CSGV Statement on North Park Elementary School Shooting

Domestic violence shooting at North Park Elementary School shows the danger of armed abusers — both for intended victims and the general public.

San Bernardino, CA (April 11, 2017)  — A shooting described as a murder-suicide unfolded Monday morning inside a San Bernardino elementary school. In what is thought to be a domestic dispute, a 53-year-old male entered a special needs classroom and shot and killed his wife, as well as an 8-year-old boy. Another 9-year-old student was also injured. Initial reports indicate the shooter had a criminal history that included drug charges, illegal possession of a firearm, and domestic violence.

 Coalition to Stop Gun Violence General Counsel Kelly Roskam issued the following statement:

“Recently, we have seen multiple high-profile instances of domestic disputes leaving the home and spilling out into society. These situations become far more deadly for both the intended victim(s) and the general public when abusers are armed. We saw deadly domestic violence leave the home earlier this year in Wisconsin, yesterday in San Bernardino, and across the country as law enforcement officers, family members, colleagues, and even strangers become armed abusers’ unintentional victims.

For years, we have seen the gun lobby argue that domestic abusers and other dangerous individuals should be allowed to have guns. In doing so, they show callous disregard for both the women who are killed and intimidated by armed abusers and those — like the 8-year-old child killed yesterday — whose lives are stolen when such violence leaves the home.”

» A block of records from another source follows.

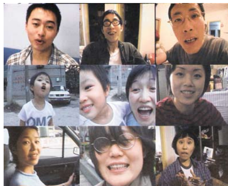
Everybody dies: Yang Zhenzhong's film is simple and terrifying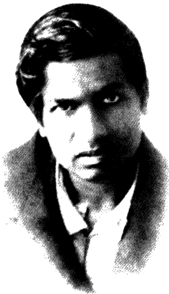
S. Ramanujan, 1919 (From G. H. Hardy, Ramanujan, Twelve Lectures on Subjects Suggested by His Life and Work. Cambridge University Press, 1940.)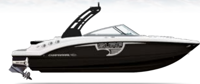
246 SSI SURF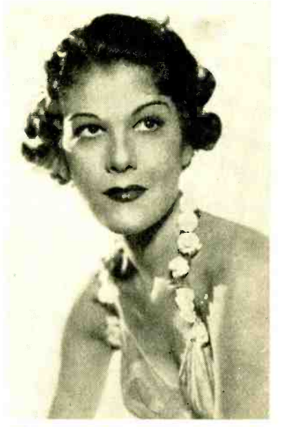
She wants her gowns dramatic.

Clinching her statement with actual proof, the young actress has ac-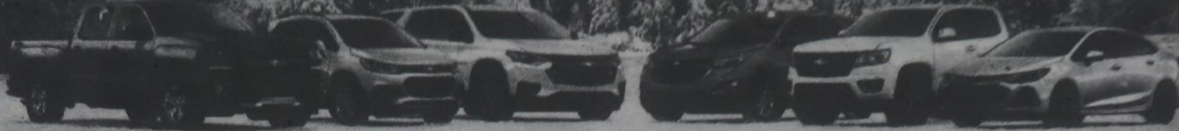
SILVERADO TRAX TRAVERSE EQUINOX COLORADO CRUZE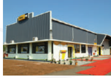
Kannur CRC & MRC (2016)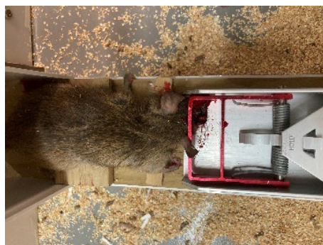
195.3 g male ship rat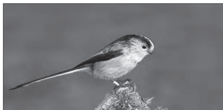
Long-tailed tit.

In line with the recent government announcement about Coronavirus and reducing social interaction, Northumberland Wildlife Trust are cancelling all Northumberland Wildlife Trust events and scheduled volunteer tasks for March and April 2020. Our cafés at Hauxley and Northumberlandia will be closed from Monday 23rd March. The visitors centre and reserve at Hauxley currently remains open but this is subject to change depending on what happens regarding current advice on the coronavirus.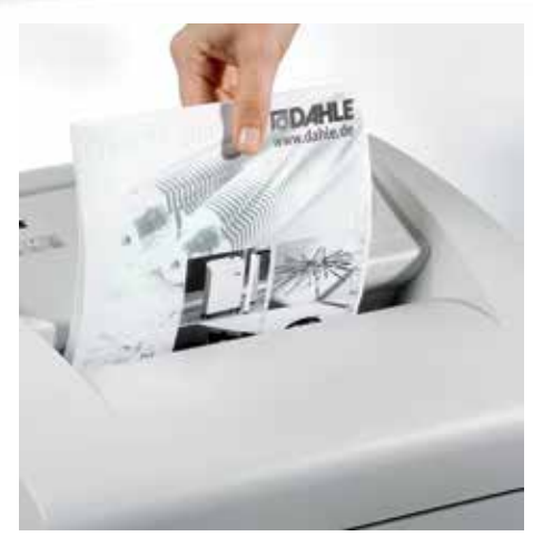
Standardised entry widths take all common paper sizes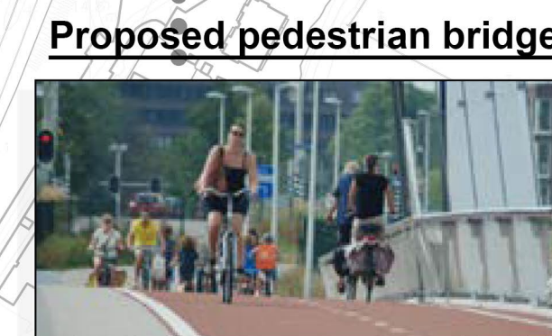
Proposed pedestrian bridge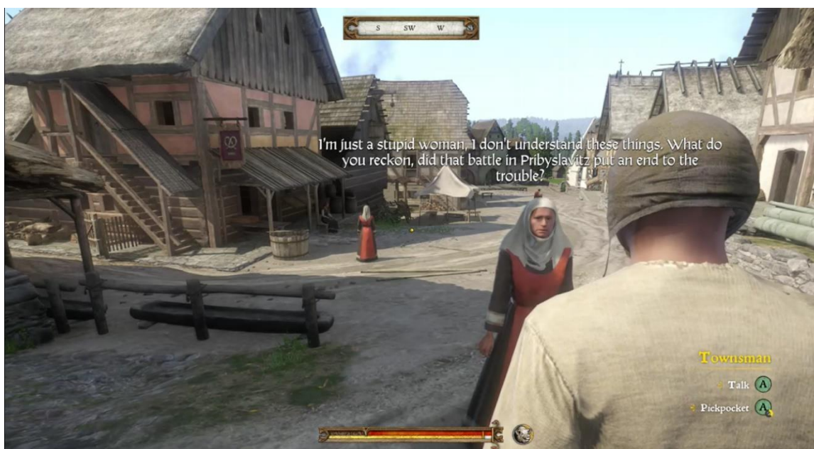
Figure 5. Screenshot of a "stupid" woman in KCD.

However, the overwhelming feeling in the game, made most apparent in NPC dialogue, is that women were looked down upon as unskilled, weak and stupid. For instance, during the quest Aquarius , when finding jobs for the refugees of Skalitz, Theresa recommends the job of water-carrying go to a woman named Antonia because of how difficult it is for women to find work. When informing the Bailiff of the decision, he remarks, “What, a woman? It’s a long walk with a heavy load. Man’s work.” This perceived weakness may be a feature of medieval (and indeed modern) misogyny, but the game takes this further with some NPC dialogue that appears to suggest that women held a conscious view of their own inferiority. Figure 5 supports this, with the townswoman admitting to not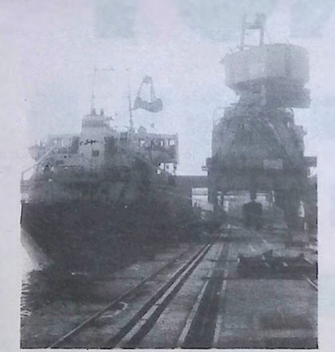
Cranes maintained by scab labour

Dockers, checkers, drivers and ships' officers all voted to strike from the Whit weekend in support of the maintenance workers. In some cases, the vote was 8 to 1 in favour of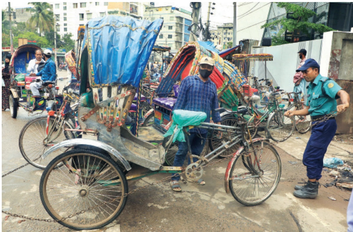
Police seize illegal battery-run rickshaws at Doyanganj intersection in Old Dhaka yesterday. Operation of electricity-powered three-wheelers with poor safety features often leads to accidents. The number of such rickshaws in the capital has been going up over the years despite a ban.

Yesterday’s shooting at North Park Elementary is yet another painful tragedy for this community and our country. San Bernardino has now been the site of two horrendous shootings in a 16 month period. We cannot allow ourselves to become desensitized to these massacres or throw up our hands and call them inevitable. We send our deepest condolences and keep these victims’ families in our thoughts, but that is not enough. There are mechanisms and policies available to remove firearms from dangerous individuals. We must educate the public on how to access existing mechanisms and demand that state policymakers across the country enact policies that can save lives.”